Presumably, as a consequence of this the telomere lengths of ALT cells are
very heterogeneous and on average long. This can be detected by terminal
restriction fragment (TRF) Southern analysis, which has been used
previously as the definitive test for ALT activity. However, TRF analysis
requires intact genomic DNA and is unsuitable for tumour specimens which
are commonly archived by paraffin embedding. Another hallmark of ALT is
ALT-associated PML bodies (APBs) which are the subset of PML bodies that
contain telomeric DNA. Work done in this study to consolidate APBs as a
hallmark of ALT, combined with published data, showed 29/31 ALT[+], 3/31
telomerase[+] and 0/10 mortal cell lines/strains are APB[+]. The three
APB[+]/telomerase[+] cell lines identified here had an order of magnitude
lower frequency of APB[+] nuclei than the ALT[+] cell lines. APBs may be
functionally linked to the ALT mechanism and contain the recombination
proteins that are thought to be involved in the ALT mechanism. This study,
in collaboration with Dr W-Q Jiang, strengthened this functional link by
demonstrating that loss of ALT activity (as determined by TRF analysis)

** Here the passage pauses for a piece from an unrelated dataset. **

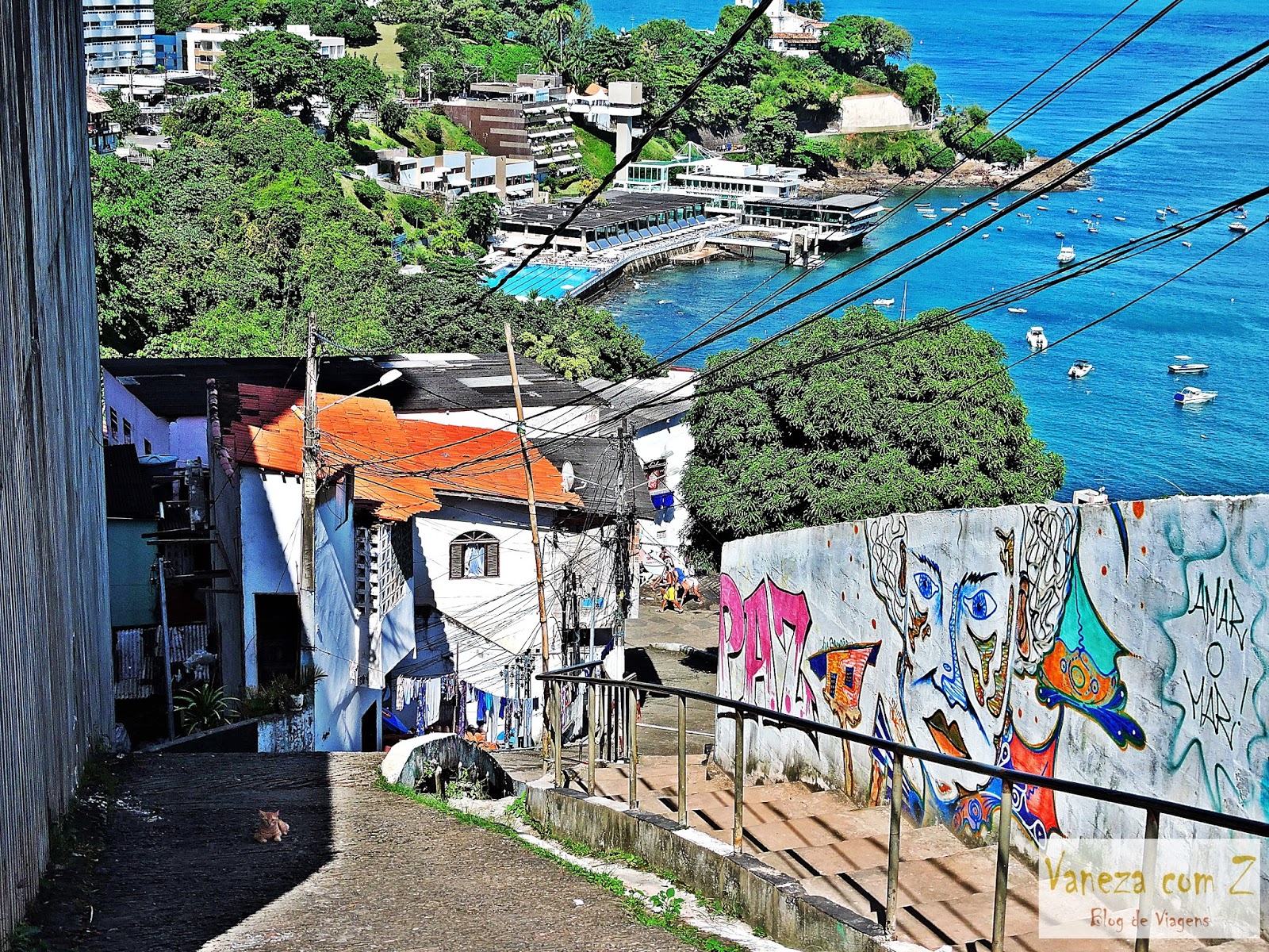 Fomos ao mirante dos Aflitos que no primeiro momento, não é atrativo e dá um certo medo, pois está pouco movimentado. Mas, durante o dia o local é frequentado por moradores da região e havia muitas crianças. Avistamos a Gamboa de Baixo e suas casinhas em cascata e a Avenida Contorno ( Av. Lafayete Coutinho). E logo abaixo do mirante tem uma boate.
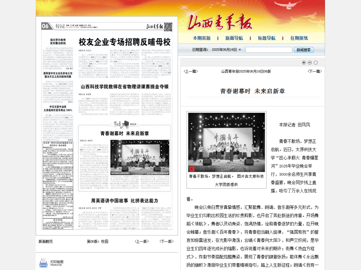 6月18日,山西青年报以《青春谢幕时 未来启新章 》为题,报道pp电子官网举行“匠心承薪火 青春耀星河”2025年毕业晚会,3000余名师生共享青春盛宴,晚会同步线上直播,吸引了万余人在线观看。

coincided with the disruption of APBs. The detection of APBs was developed
into a robust assay for ALT in archived tumour specimens using a technique
of combined immunofluorescence and telomere fluorescence in situ
hybridisation. It was demonstrated that the APB assay concurred exactly
with the standard assay for ALT (TRF analysis) in 60 tumours for which TRF
analysis gave unequivocal results. The APB assay may be a more appropriate
technique in the case of tumour specimen heterogeneity, which may explain
why the APB assay was able to give definitive results when TRF analysis
was equivocal. We demonstrated that intratumoral heterogeneity for ALT
does exist and this could explain why about 3% of tumours in this study
were APB[+] but with more than a ten-fold reduction in the frequency of
APB[+] nuclei. This study also made the novel discovery of single stranded
C-rich telomeric DNA inside APBs which potentially could be used to make
the APB assay more suitable for routine pathology laboratory use. The APB
assay was used to show that ALT is a significant concern for oncology. ALT
was utilised in approximately one quarter of glioblastoma multiforme
(GBM), one third of soft tissue sarcomas (STS) including three quarters of
malignant fibrous histiocytomas (MFH), half of osteosarcomas and one tenth
of non-small cell lung carcinomas (NSCLC). Furthermore, the patients with
these ALT[+] tumours had poor survival; median survivals were 2 years for
ALT[+] GBM, 4 years for ALT[+] STS including 3.5 years for ALT[+] MFH and
5 years for ALT[+] osteosarcoma. ALT[+] STS and osteosarcomas were also
just as aggressive as their ALT[-] counterparts in terms of grade and
patient outcome. ALT status was not found to be associated with response
to chemotherapy in osteosarcomas or survival in STS. ALT was however, less
prevalent in metastatic STS. The APB assay was a prognostic indicator for
GBM and was correlated with three fold increased median survival in GBM
(although this survival was still poor). ALT was more common in lower
grade astrocytomas (88% ALT[+]) than GBM (24% ALT[+]) and ALT[+] GBM had
an identical median age at diagnosis to that reported for secondary GBM.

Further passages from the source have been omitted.